The food movement and aperitif culture also get some credit, with Ward saying today’s consumers have an appetite for discovery when it comes to flavours. “What’s generating the spread of vermouth is the food movement and a curiosity of taste. The UK is a hybrid of multiple cultures. When we do a masterclass we educate on what the flavours are but emphasise that taste is as unique as a fingerprint. Education around flavours has evolved.”

Martini’s Vazquez concurs: “Globally as a trend we will see a change in the way consumers eat and drink. They are becoming more Italian, eating and drinking well. It’s a fluid occasion. Vermouth is sessionable and refreshing so lends itself perfectly to this.”

And how is until-recently unfashionable vermouth targeting that holy grail of drinks audiences, the millennial consumer?

Duff responds: “Classic vermouth houses such as Martini have responded by making vermouths with a stronger influence of the base wines, inspired by the likes of modern brands such as La Quintinye (a Pineau-des-Charentes base) and Imbue (a Pinot Noir base). This gels very much with millennials’ desire for clean flavours and fundamental tastes, without masking or concealing with the use of flavourings layered over an industrial-wine base, which is the default.

“Vermouths being made specifically to be used in cocktails are a real game-changer and, while a lot of the innovation out there results in vermouth I’d rather not drink myself, all that innovation taken as a whole is bringing vermouth to some very new and exciting places.”

But might some of those places prove too far flung for consumers or were the lessons really learned from vodka’s mistakes? “It’s already happening that it might be going too far with aromatics,” says Ward. “You need to drive home one thing consistently before it sinks in.

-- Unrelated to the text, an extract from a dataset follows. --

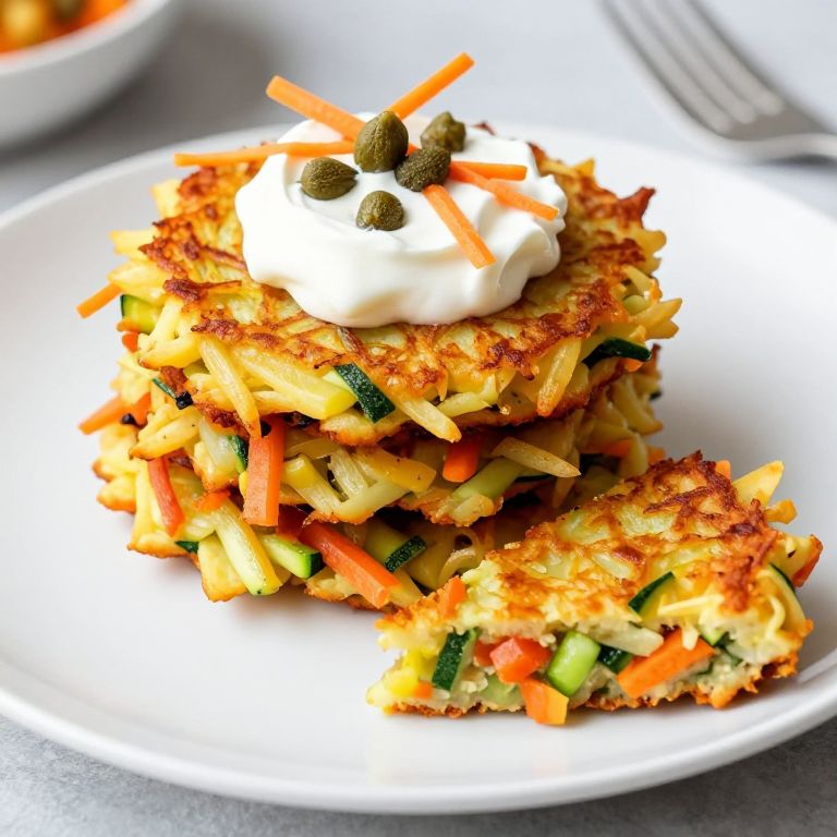 Golden veggie-packed latkes, crafted with shredded potatoes, carrots, zucchini, and bell peppers, are artfully stacked on a white plate, topped with a dollop of creamy sour cream, vibrant green capers, and garnished with a few scattered carrot shreds, while a slice reveals their fluffy interior and colorful filling.
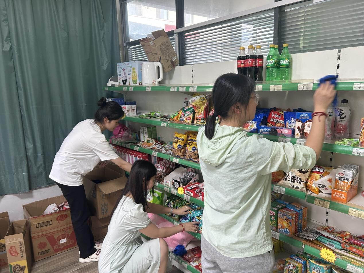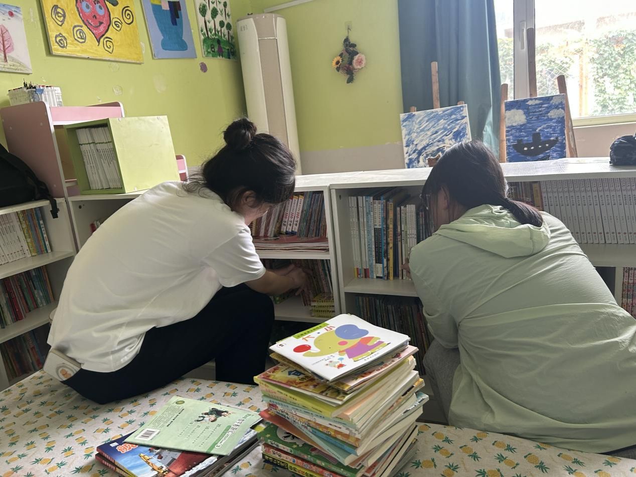 除了陪伴孩子,团队成员还承担起康复中心的环境优化工作:仓库里,他们将物资按类别归置整齐,让每一件物品都有了“固定的家”;货架前,他们仔细擦拭灰尘,将商品码放得井然有序;图书角,他们按主题整理书籍,方便孩子们取阅;垃圾分类环节,他们不仅亲手分拣,还通过简单的图示教孩子们识别不同垃圾的类别。这些看似平凡的劳动,让康复中心的环境焕然一新,更将绿色环保的理念融入实践,让“爱护环境”从口号变成可触摸的行动。

As a brand we have to get singular with our positioning. People need to understand the foundation before you can get to the funky twist.”

Given that vermouth can contain anything from 20 to 40 botanicals, producing flavours ranging from savoury and earthy to citrus, spice and tropical fruit, there’s surely plenty of opportunity for it to go horribly wrong. but, for now, there’s no rush to start importing that rama lamma lamma ka dinga da dinga dong.